DATA FOR THIS TASK:
══════════
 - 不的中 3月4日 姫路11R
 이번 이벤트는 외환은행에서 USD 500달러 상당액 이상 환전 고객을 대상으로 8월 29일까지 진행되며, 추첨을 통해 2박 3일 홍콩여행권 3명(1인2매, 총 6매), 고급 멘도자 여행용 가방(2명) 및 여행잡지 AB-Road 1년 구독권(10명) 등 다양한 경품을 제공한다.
══════════
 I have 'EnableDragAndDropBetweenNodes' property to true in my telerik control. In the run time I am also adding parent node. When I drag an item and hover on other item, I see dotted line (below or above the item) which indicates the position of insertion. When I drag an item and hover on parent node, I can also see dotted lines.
══════════
WHAT IS NEEDED: Copy out precisely the lines from the line with "- 不的中 3月4日 姫路11R" to the line with "이번 이벤트는 외환은행에서" in the material above, including those two lines and omitting all the rest.

THE ANSWER:
 - 不的中 3月4日 姫路11R
 이번 이벤트는 외환은행에서 USD 500달러 상당액 이상 환전 고객을 대상으로 8월 29일까지 진행되며, 추첨을 통해 2박 3일 홍콩여행권 3명(1인2매, 총 6매), 고급 멘도자 여행용 가방(2명) 및 여행잡지 AB-Road 1년 구독권(10명) 등 다양한 경품을 제공한다.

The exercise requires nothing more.